Top five tips for confidentiality agreements
By AdvocateDaily.com Staff
Regulators must take care when sharing confidential information with third parties, says Burlington health lawyer Cathi Mietkiewicz.
Mietkiewicz, principal of Mietkiewicz Law, tells AdvocateDaily.com that it’s inevitable that professional health regulators, as part of their everyday operations, will have to share confidential information with service providers or other outside organizations.
Here are her top five tips for things to consider when drafting confidentiality agreements:
Identify your subject matter
All parties to the agreement need to be on the same page, and it’s unrealistic for regulators to assume that every piece of data they turn over will be considered secret, Mietkiewicz says.

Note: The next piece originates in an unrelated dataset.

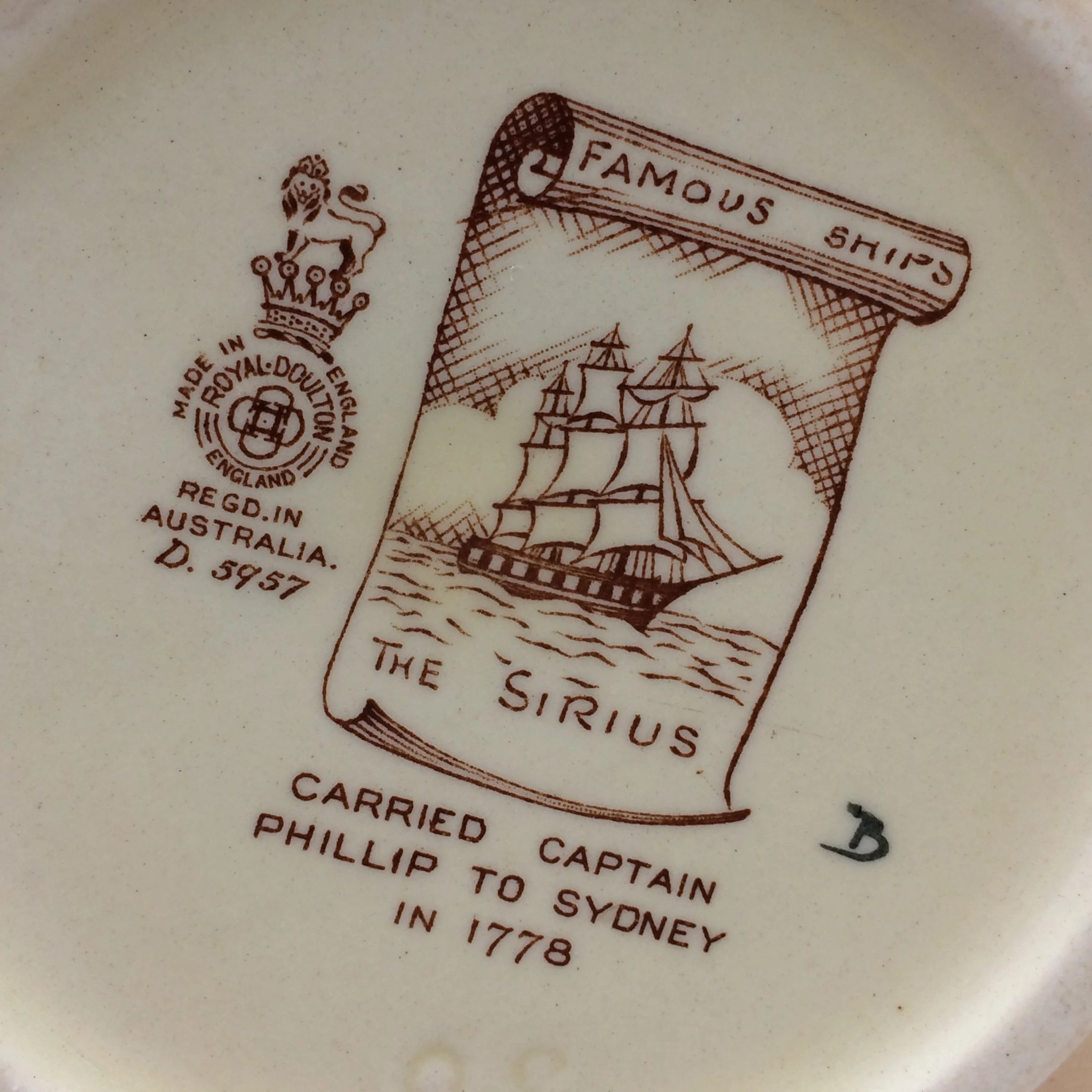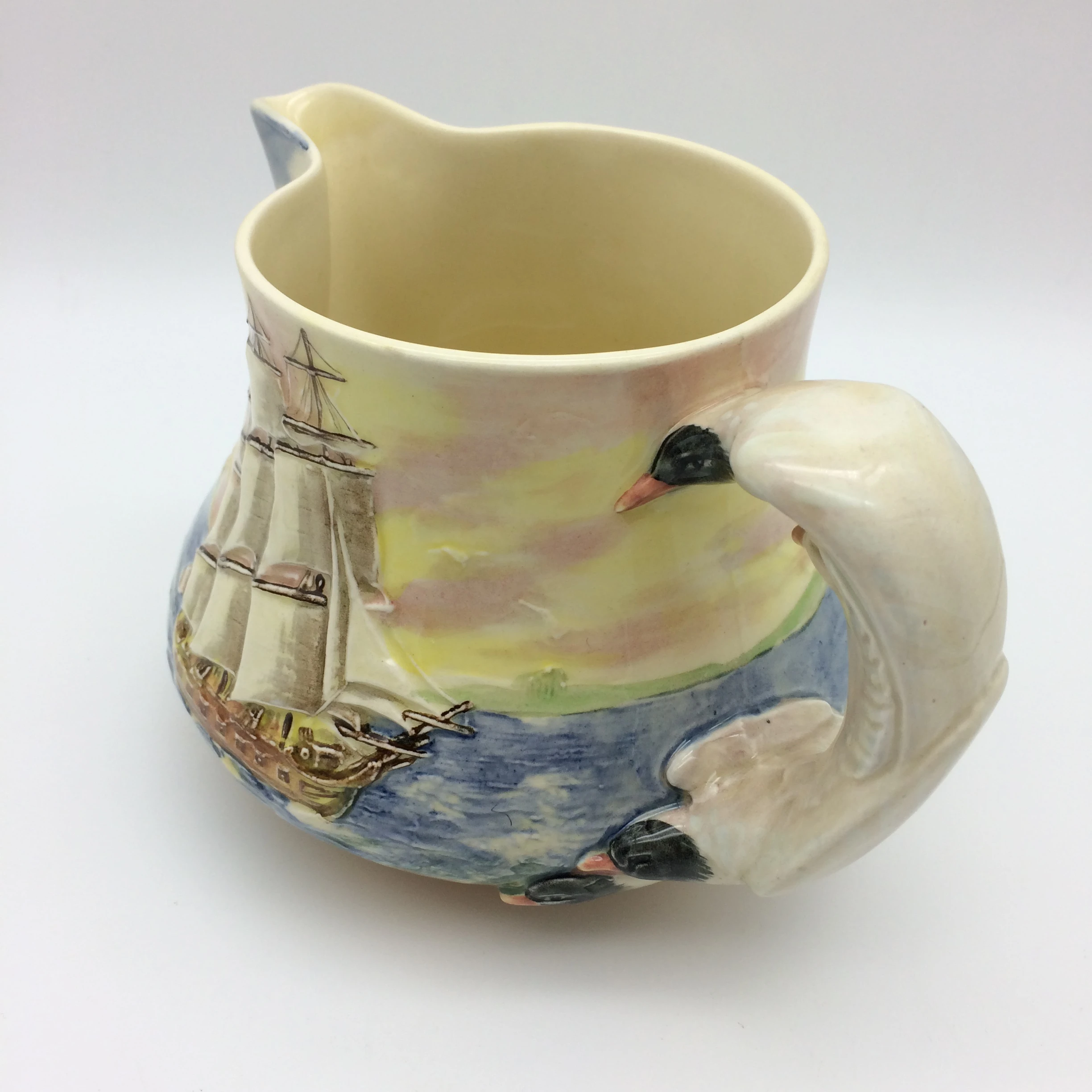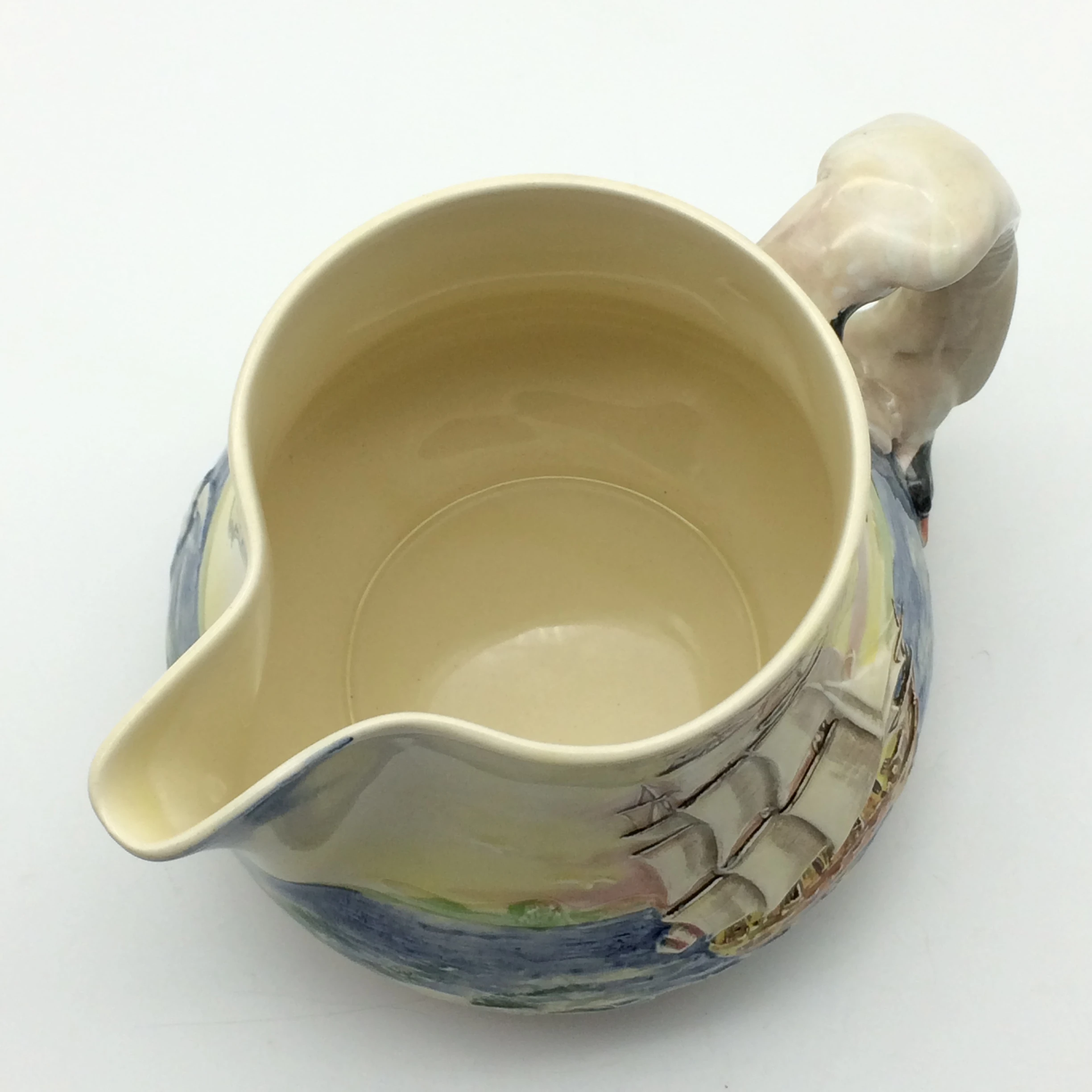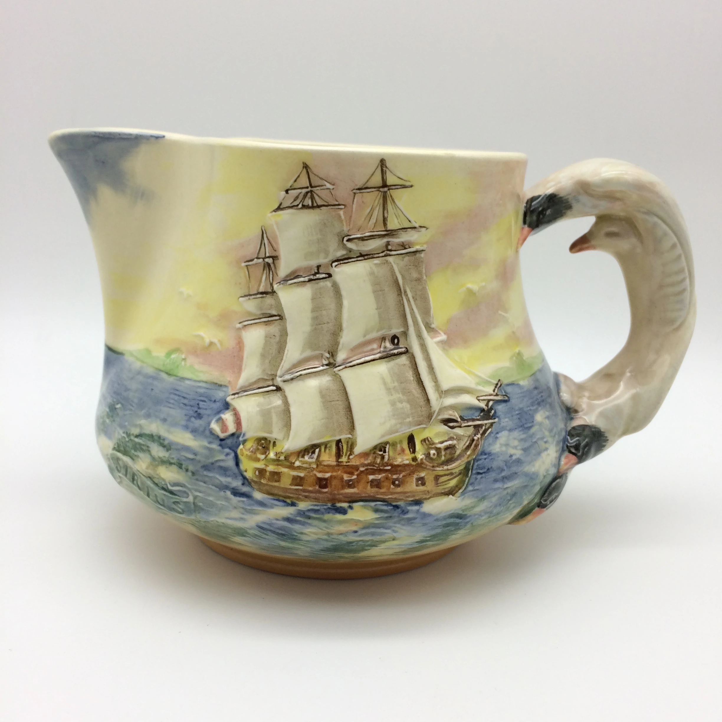 This very attractive, large, hand painted Royal Doulton jug depicts, in low relief, ‘The Sirius’, a famous ship which carried Captain Phillip to Sydney in 1778. In 1790 the ship was wrecked off the coast of Norfolk Island in the Pacific Ocean. It has a very unusual handle in the form of seagulls. The series, ‘Famous Ships’ was introduced in 1938 and discontinued in 1958. It is stamped on the base with the special series ware and Royal Doulton back stamps and the pattern number ‘D5957’. The jug is in excellent condition and measures 11cm in height, 17.5cm in width (spout to handle) and weighs 450g.

“The first thing to do is to properly identify and robustly describe the confidential information that is covered by the agreement,” she says.
Who can see the confidential information
Although blanket disclosure bans on recipients can be appropriate, that’s rarely the case, Mietkiewicz says.
“If the recipient is a service provider you’ve hired, they are probably going to have to share that confidential information with their agents or employees in order to provide you with the service,” she explains. The agreement should also set out who is allowed to see the data and what steps are to be taken to ensure its protection.
“For example, you might say that it can be disclosed to employees as long as they have similar confidentiality disclosure restrictions in place as part of their employment,” Mietkiewicz says.
Lawful authority requests
Parties to confidentiality agreements sometimes overlook the prospect that the recipient of the confidential information could be legally required, including by court order, to disclose the confidential information to another party, she says.
While the holder of the confidential information cannot instruct recipients to ignore such a request from a legal authority, Mietkiewicz says the agreement should cover what happens in those circumstances.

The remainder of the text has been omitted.